-- Assigned task --
At the line that includes "Pochette en velours côtelé recyclé marron.", begin writing out the entries below exactly, and continue through the last line without adding anything.
- Opening Delimiter -
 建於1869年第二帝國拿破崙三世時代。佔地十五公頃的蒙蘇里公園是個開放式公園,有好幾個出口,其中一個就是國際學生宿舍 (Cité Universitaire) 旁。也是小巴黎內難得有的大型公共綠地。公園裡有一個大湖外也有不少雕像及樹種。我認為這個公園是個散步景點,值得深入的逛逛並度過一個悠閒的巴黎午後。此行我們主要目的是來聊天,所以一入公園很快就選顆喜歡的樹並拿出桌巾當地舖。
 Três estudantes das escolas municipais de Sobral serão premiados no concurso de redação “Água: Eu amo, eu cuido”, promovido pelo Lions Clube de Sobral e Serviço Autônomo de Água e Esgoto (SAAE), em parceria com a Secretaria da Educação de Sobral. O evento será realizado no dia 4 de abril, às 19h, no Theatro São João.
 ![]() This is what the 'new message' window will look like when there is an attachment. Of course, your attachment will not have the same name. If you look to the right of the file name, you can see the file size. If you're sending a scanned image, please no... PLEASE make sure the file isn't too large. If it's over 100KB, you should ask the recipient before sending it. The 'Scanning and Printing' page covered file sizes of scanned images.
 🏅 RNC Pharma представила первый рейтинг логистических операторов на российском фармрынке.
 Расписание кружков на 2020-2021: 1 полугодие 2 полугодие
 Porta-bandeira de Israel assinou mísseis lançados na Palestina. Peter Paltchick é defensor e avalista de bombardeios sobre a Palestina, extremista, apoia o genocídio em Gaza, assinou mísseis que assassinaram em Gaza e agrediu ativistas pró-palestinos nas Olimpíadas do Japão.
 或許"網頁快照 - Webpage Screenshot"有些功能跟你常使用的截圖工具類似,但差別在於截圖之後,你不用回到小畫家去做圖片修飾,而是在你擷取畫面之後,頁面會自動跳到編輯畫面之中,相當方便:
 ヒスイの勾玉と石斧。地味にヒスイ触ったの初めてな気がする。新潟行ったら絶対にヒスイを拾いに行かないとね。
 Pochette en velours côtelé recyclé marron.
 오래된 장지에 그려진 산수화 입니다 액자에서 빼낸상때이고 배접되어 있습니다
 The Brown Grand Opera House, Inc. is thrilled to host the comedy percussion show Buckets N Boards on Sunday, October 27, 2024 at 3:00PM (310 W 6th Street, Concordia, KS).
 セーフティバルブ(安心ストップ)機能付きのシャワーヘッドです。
- Closing Delimiter -
-- Response area --
 Pochette en velours côtelé recyclé marron.
 오래된 장지에 그려진 산수화 입니다 액자에서 빼낸상때이고 배접되어 있습니다
 The Brown Grand Opera House, Inc. is thrilled to host the comedy percussion show Buckets N Boards on Sunday, October 27, 2024 at 3:00PM (310 W 6th Street, Concordia, KS).
 セーフティバルブ(安心ストップ)機能付きのシャワーヘッドです。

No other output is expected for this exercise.